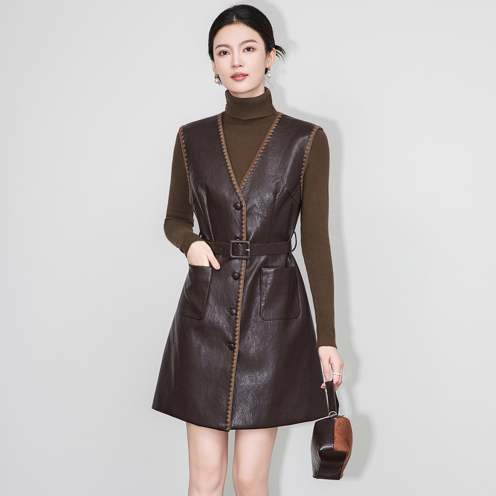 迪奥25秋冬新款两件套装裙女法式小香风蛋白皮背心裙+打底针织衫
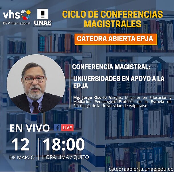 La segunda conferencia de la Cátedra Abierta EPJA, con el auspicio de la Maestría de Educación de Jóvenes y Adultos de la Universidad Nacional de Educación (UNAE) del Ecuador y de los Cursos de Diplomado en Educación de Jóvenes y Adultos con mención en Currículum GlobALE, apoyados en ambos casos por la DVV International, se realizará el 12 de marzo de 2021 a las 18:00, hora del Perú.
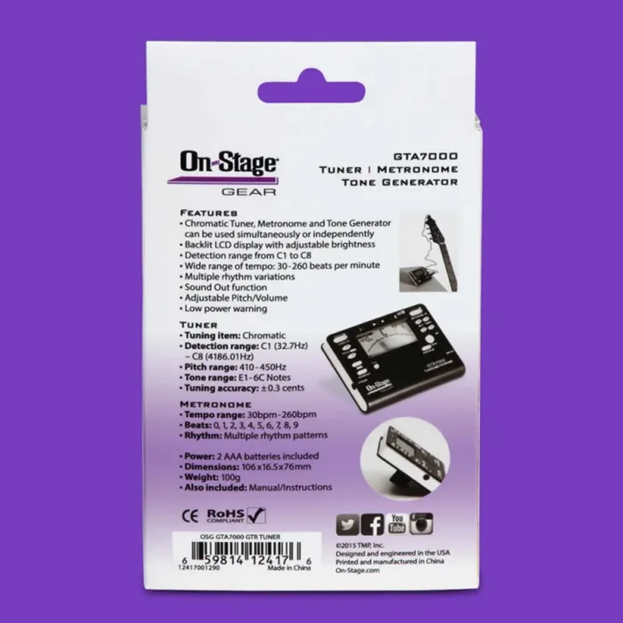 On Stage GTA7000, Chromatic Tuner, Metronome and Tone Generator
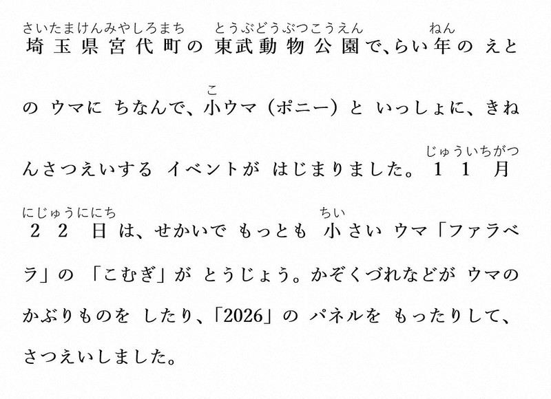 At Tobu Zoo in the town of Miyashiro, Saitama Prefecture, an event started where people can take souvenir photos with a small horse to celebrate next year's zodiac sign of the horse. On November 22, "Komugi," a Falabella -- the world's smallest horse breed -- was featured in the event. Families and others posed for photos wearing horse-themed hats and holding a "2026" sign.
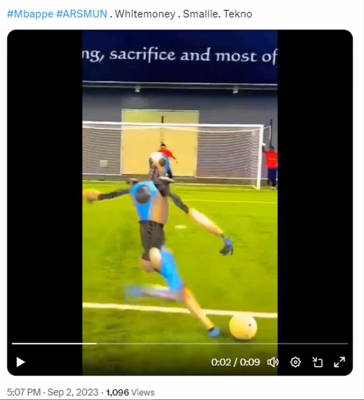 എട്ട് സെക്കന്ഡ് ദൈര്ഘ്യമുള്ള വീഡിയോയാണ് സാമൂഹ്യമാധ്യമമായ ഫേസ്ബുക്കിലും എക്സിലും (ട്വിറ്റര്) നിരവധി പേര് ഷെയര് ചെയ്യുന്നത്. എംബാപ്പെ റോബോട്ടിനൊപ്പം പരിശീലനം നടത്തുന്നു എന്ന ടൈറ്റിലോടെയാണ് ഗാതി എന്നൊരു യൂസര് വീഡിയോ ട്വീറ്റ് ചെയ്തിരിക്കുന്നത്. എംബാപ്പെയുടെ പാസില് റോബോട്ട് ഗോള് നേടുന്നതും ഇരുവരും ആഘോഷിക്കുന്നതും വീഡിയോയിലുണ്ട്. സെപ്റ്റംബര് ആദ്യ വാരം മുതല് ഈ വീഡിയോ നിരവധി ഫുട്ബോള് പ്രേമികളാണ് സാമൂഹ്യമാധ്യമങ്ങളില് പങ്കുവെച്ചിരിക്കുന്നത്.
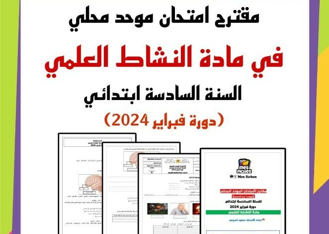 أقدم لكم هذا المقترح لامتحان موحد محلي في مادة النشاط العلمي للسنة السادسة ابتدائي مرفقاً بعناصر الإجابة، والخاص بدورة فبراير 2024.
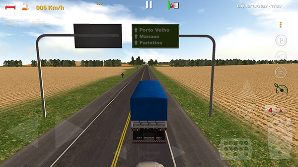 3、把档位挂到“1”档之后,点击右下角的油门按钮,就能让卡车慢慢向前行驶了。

====================

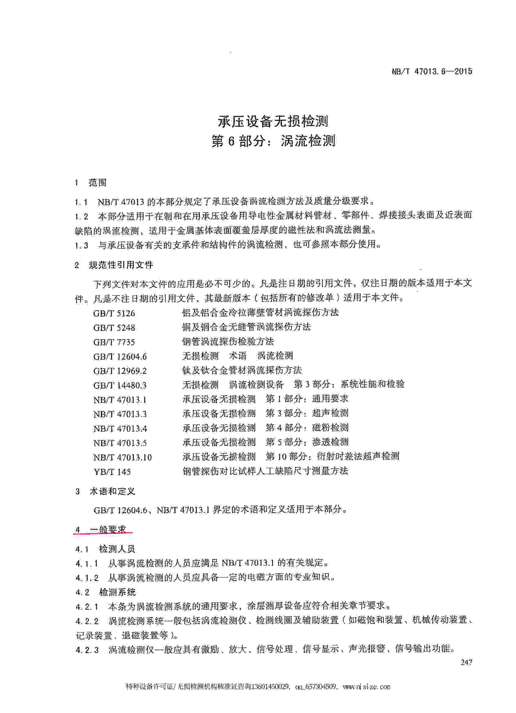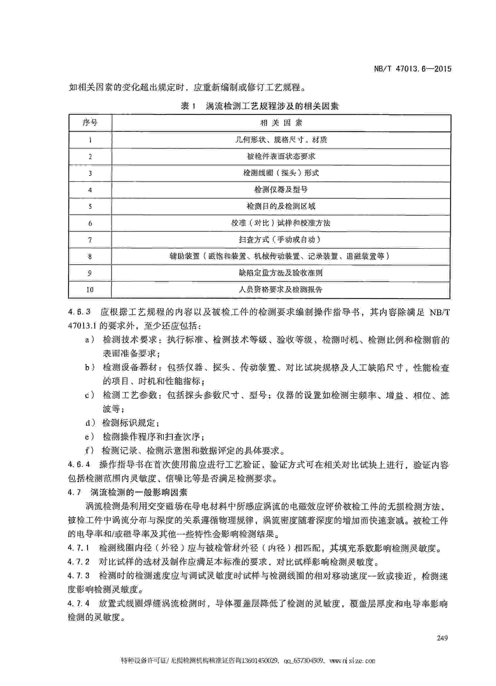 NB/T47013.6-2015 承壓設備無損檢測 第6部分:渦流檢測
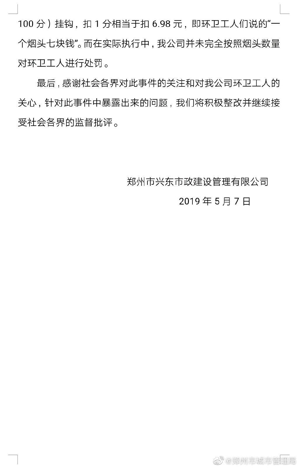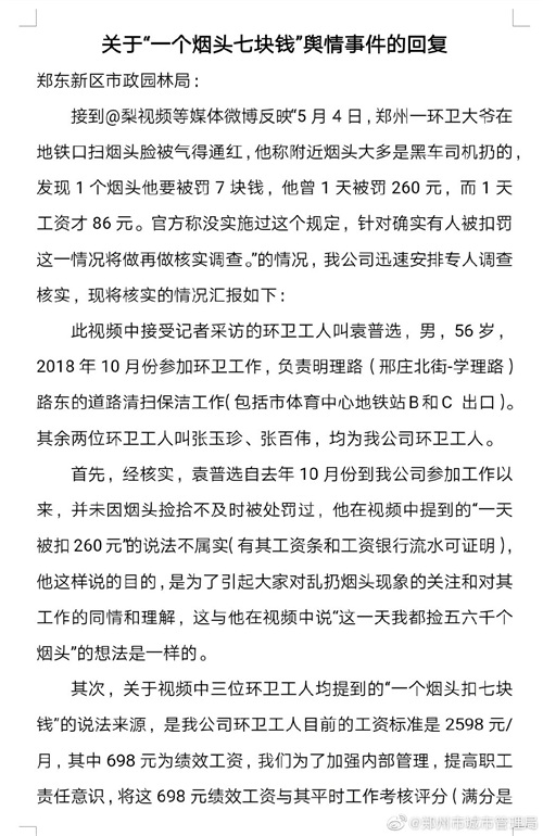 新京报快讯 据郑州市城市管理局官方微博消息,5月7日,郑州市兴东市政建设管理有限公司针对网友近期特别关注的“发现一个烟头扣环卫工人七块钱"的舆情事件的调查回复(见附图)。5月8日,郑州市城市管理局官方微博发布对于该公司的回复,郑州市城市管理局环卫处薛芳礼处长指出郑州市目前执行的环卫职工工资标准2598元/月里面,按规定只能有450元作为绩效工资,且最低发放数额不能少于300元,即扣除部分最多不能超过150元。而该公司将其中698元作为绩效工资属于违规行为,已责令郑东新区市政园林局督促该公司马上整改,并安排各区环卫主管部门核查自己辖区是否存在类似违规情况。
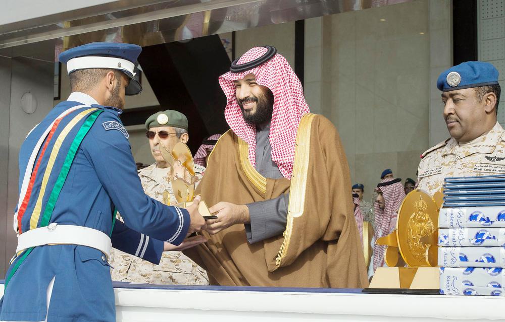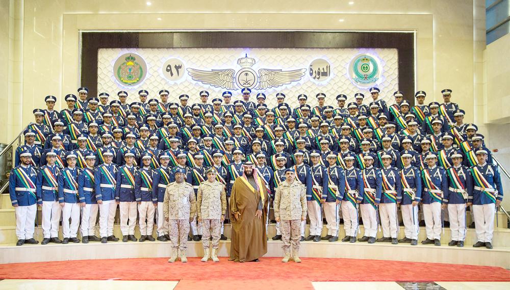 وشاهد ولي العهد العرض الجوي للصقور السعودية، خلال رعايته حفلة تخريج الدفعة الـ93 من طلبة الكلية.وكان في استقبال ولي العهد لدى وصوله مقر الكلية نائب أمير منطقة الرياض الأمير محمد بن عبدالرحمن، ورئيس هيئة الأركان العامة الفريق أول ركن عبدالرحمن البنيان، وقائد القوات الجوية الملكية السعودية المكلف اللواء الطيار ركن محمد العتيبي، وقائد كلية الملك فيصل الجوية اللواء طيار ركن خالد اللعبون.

====================

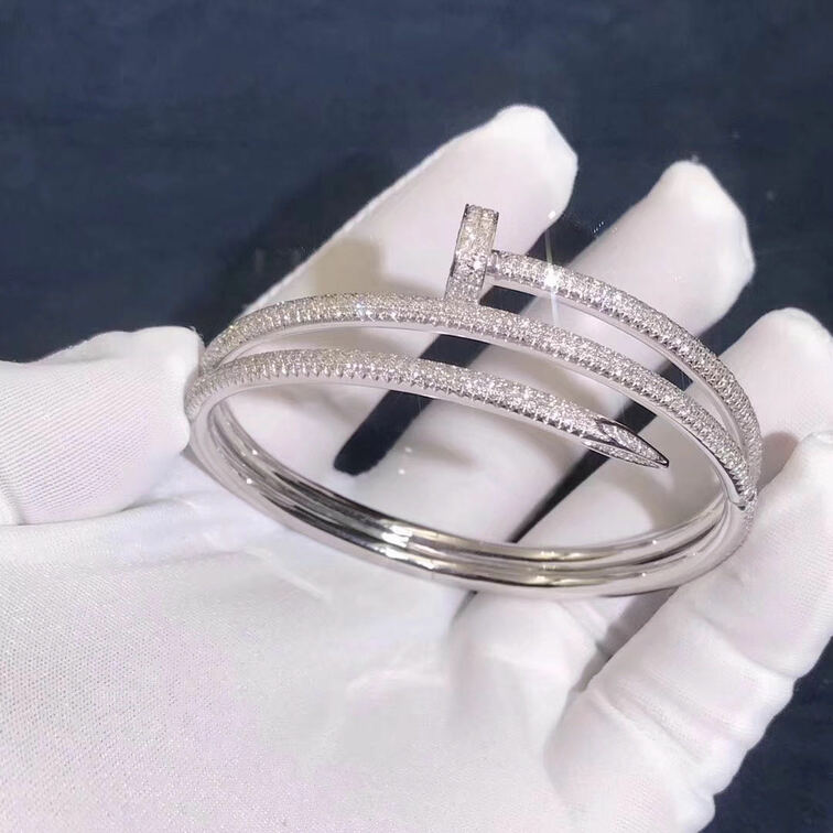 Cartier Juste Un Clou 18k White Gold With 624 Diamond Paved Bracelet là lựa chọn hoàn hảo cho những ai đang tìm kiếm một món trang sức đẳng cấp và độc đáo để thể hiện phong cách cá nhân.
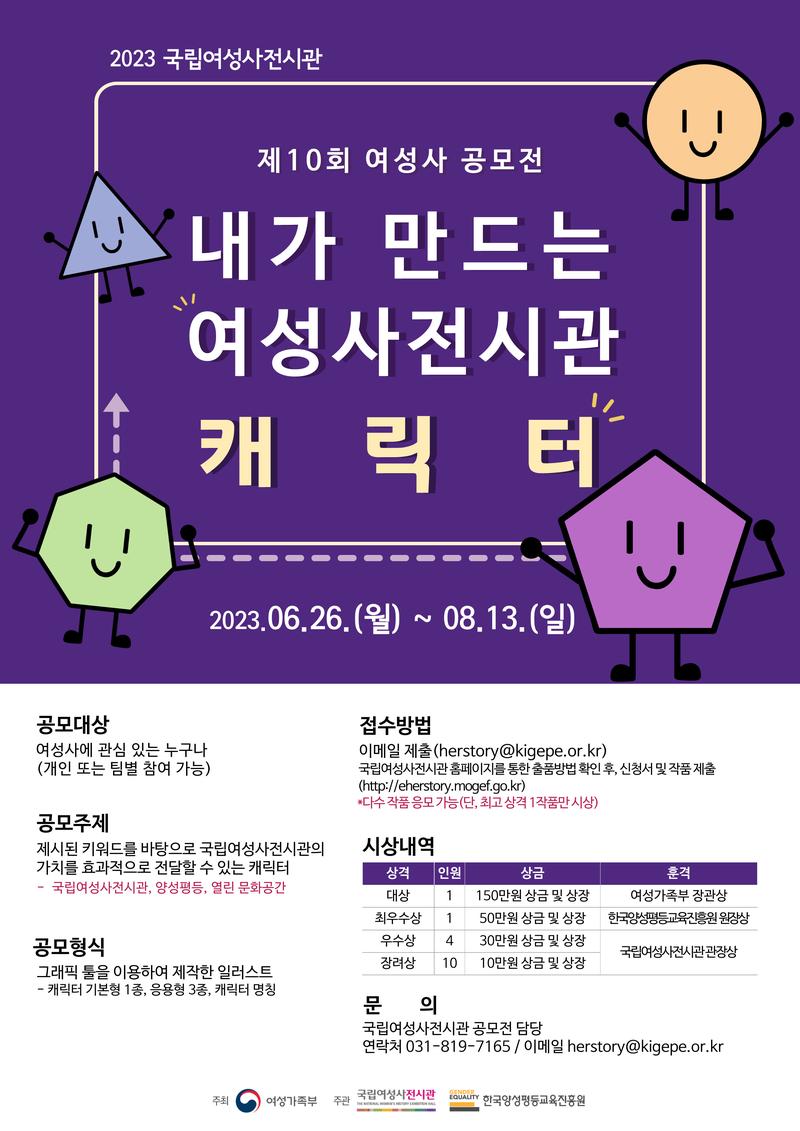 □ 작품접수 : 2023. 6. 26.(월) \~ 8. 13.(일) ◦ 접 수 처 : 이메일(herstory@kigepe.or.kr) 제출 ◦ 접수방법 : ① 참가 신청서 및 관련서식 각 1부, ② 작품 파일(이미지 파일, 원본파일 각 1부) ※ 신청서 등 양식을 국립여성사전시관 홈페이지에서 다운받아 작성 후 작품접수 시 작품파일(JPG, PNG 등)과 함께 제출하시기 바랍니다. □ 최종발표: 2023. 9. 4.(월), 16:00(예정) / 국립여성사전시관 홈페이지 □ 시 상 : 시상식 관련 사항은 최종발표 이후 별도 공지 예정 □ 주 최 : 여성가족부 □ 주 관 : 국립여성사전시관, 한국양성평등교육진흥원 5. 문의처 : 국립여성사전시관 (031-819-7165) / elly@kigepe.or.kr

====================

Precisely those lines above that run from the line with "迪奥25秋冬新款两件套装裙女法式小香风蛋白皮背心裙+打底针织衫" up to and including the line with "On Stage GTA7000, Chromatic" are to be set down, with the pictures omitted.

 迪奥25秋冬新款两件套装裙女法式小香风蛋白皮背心裙+打底针织衫
 La segunda conferencia de la Cátedra Abierta EPJA, con el auspicio de la Maestría de Educación de Jóvenes y Adultos de la Universidad Nacional de Educación (UNAE) del Ecuador y de los Cursos de Diplomado en Educación de Jóvenes y Adultos con mención en Currículum GlobALE, apoyados en ambos casos por la DVV International, se realizará el 12 de marzo de 2021 a las 18:00, hora del Perú.
 On Stage GTA7000, Chromatic Tuner, Metronome and Tone Generator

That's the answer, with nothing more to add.